Gdzie wybrać się na wycieczkę?
- Spacer po Szczyrbskie pleso – nawet zimą ścieżka wokół jeziora jest regularnie pielęgnowana. To piękna trasa bez wzniesień, odpowiednia dla rodzin z dziećmi (udało nam się z saniami i wózkiem). Przy ładnej pogodzie otwierają się widoki na ośnieżone szczyty Tatr i kultowy Hotel Patria.
- Jazda na nartach w okolicach Szczyrbskiego Jeziora (narciarstwo zjazdowe i biegowe) – czy wolisz biegi jazda na nartach lub narciarstwo klasyczne, na Szczyrbskim balu można jeździć w obie strony. Korzystaliśmy głównie z tras przełajowych w rejonie Snow. Do hotelu można dojść pieszo w niecałe 15 minut. Tory są codziennie przygotowywane pod kątem techniki klasycznej i swobodnej i nadają się do wszystkich kategorii wyczynowych. Wstęp jest płatny, bilet dzienny (kupiony na stadionie) kosztuje 5 €.
- Zubačka – około 100 m od hotelu znajduje się stacja Zubačka. Wykorzystaliśmy go w drodze powrotnej do Štrby. Zestawy są nowe, a trasa prowadzi przez piękną okolicę z widokami. Cena biletu wynosi 1 € za osobę dorosłą, a podróż ze Szczyrby do Szczyrbskiego jeziora (i odwrotnie) trwa około 15 minut.
- Sekretna wskazówka: zjazd na sankach z Hrebienoka w Tatry Wysokie + Tatrzańska lodownia. Samochodem dojechaliśmy do miejscowości Wysokie Tatry, skąd wsiedliśmy do kolejki linowej na Hrebienok. Po około 10 minutach jazdy dotarliśmy do górnej stacji. Tuż obok znajdował się duży namiot, w którym oglądaliśmy zapierające dech w piersiach lodowe kreacje.
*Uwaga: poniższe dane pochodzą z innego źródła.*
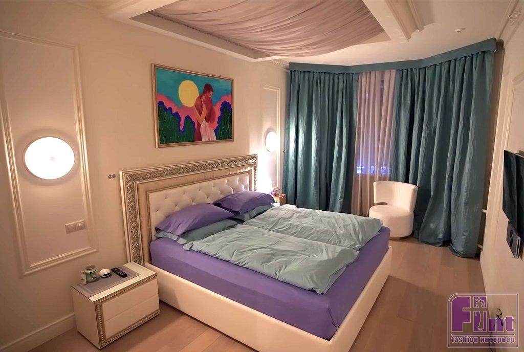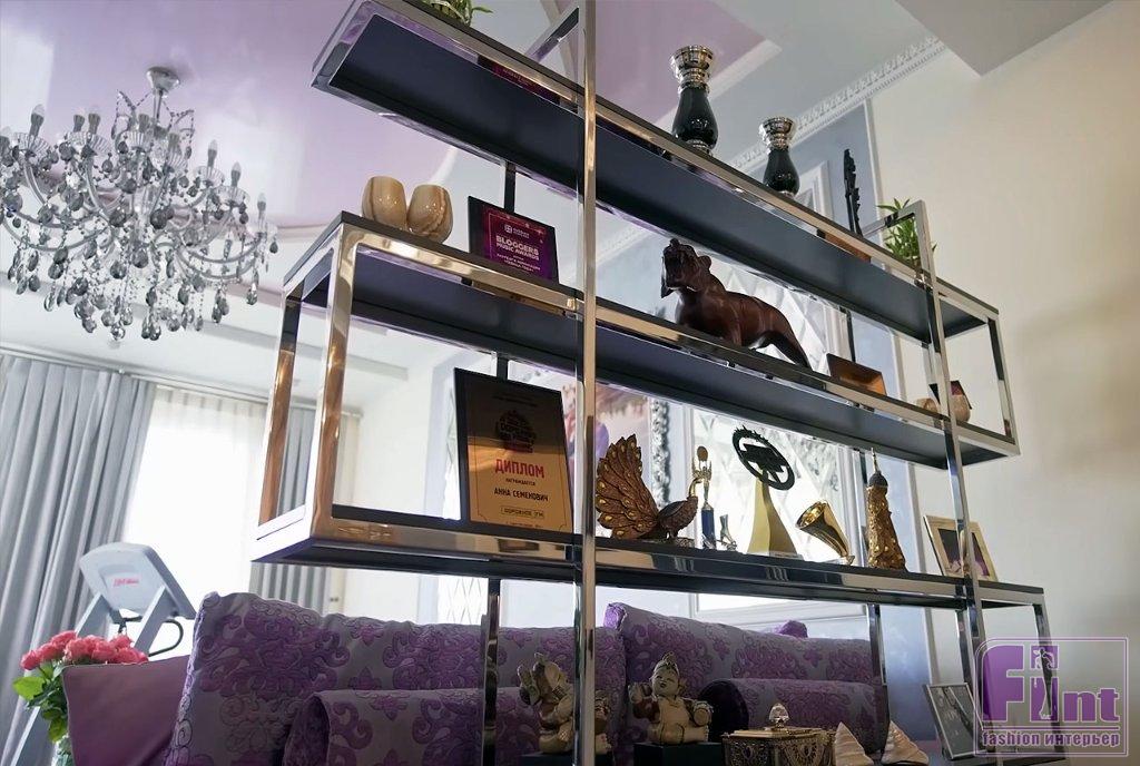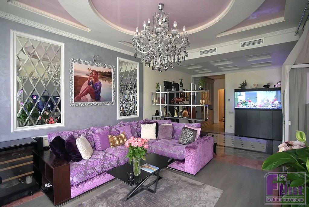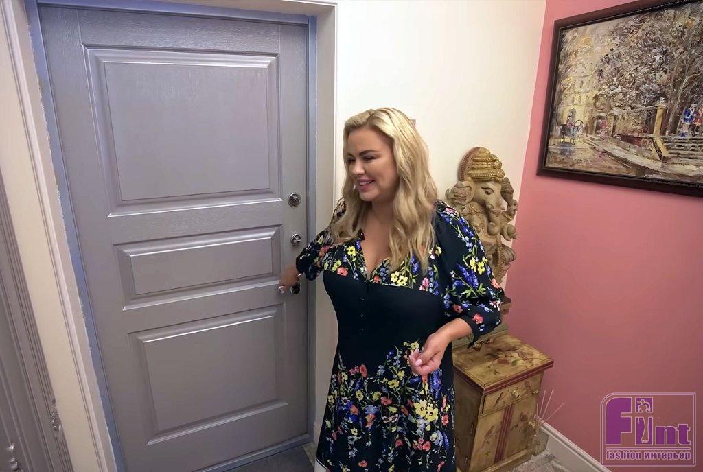 В своей квартире две комнаты Анна отвела под гардеробную, кроме того, она с большим комфортом оформила гостиную, кухню, две спальни, каждая из которых имеет отдельную ванную. Всего за шесть месяцев апартаменты были полностью переоборудованы. Анна решила не устанавливать в гостиной межкомнатные двери, а отделить зону отдыха большим аквариумом, который она заселила яркими китайскими рыбками. Всё пространство выдержано в нежной розовой гамме. На потолке сделали фигурную конструкцию из гипсокартона и установили натяжное глянцевое полотно, которое визуально увеличило высоту комнаты.
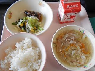 ↑今日の給食は、さんまのかぼすレモン煮、小松菜のソテーにマカロニスープでした。さんまをかぼすとレモンを混ぜて煮てあるので、さっぱりしていて、しかも、さんまの旨味が口の中に広がりました。野菜たっぷりのスープもマカロニが入っているとまろやかになり、子供たちは食べやすくなります。教室では、お替りしたい子が多く、いつも残さず食べてくれます。
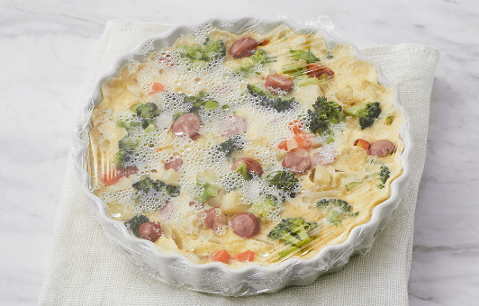 ②にふんわりラップをして、600Wで8分レンジ加熱する。
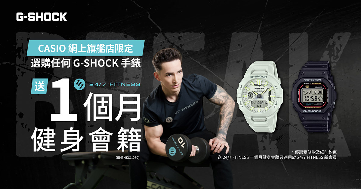 另外,G-SHOCK首度聯手全港規模最大健身品牌24/7 FITNESS。由即日起至4月30日,於CASIO授權網上旗艦店選購任何G-SHOCK手錶,即可獲贈24/7 FITNESS一個月健身會籍(價值HK$1,050)。禮品數量有限,先到先得,送完即止。
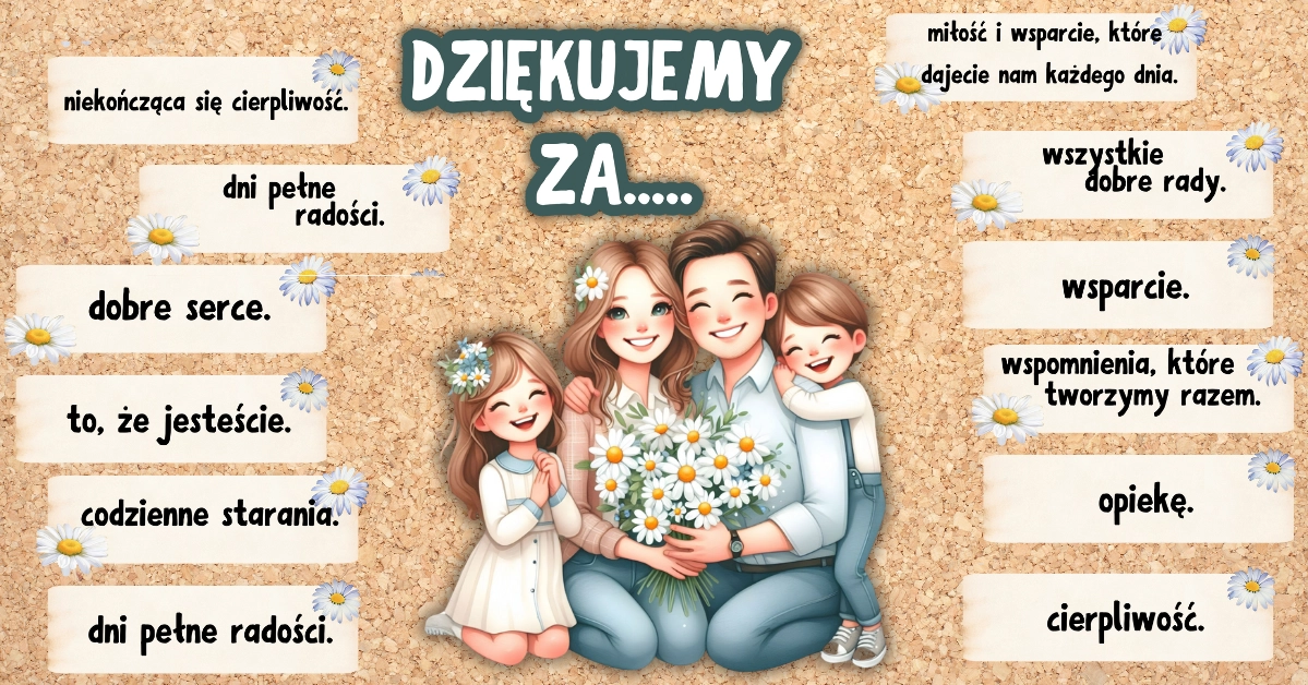 Dziękujemy za… – gazetka na Dzień Rodziny oraz Dzień Mamy i Taty PDF to gotowa dekoracja do druku idealna do przedszkola, szkoły oraz na uroczystości rodzinne.
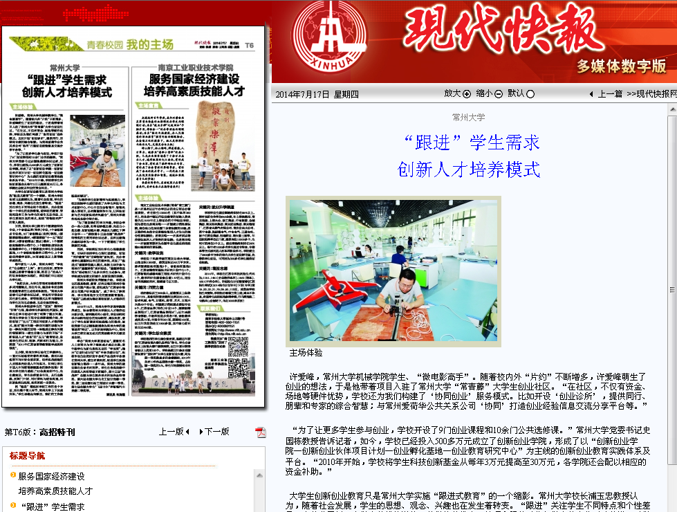 许爱峰,常州大学机械学院学生、“微电影高手”。随着校内外“片约”不断增多,许爱峰萌生了创业的想法,于是他带着项目入驻了常州大学“常青藤”大学生创业社区。“在社区,不仅有资金、场地等硬件优势,学校还为我们构建了‘协同创业’服务模式。比如开设‘创业诊所’,提供同行、朋辈和专家的综合智慧;与常州爱荷华公共关系公司‘协同’打造创业经验信息交流分享平台等。”

Tematem tej zimy jest Opactwo Westminsterskie, wstęp jest bezpłatny. Tuż obok znajduje się restauracja, w której jedliśmy. Przy górnej stacji kolejki linowej znajduje się wypożyczalnia sanek. Pożyczyliśmy je i wyruszyliśmy specjalnie oznakowaną trasą w dół do wsi Wysokie Tatry. To było wyjątkowe doświadczenie, które podobało nam się również z naszą małą córeczką (3 lata).
- Wieża Marzeń – to „szlak w chmurach” wznoszący się tuż nad terenem narciarstwa biegowego. Wstęp dla osoby dorosłej kosztuje 13 €, dzieci do lat 3 wchodzą bezpłatnie. W jego skład wchodzi tor saneczkowy, a dla odważnych szklana podłoga na wysokości 50 m nad ziemią lub siatka do chodzenia.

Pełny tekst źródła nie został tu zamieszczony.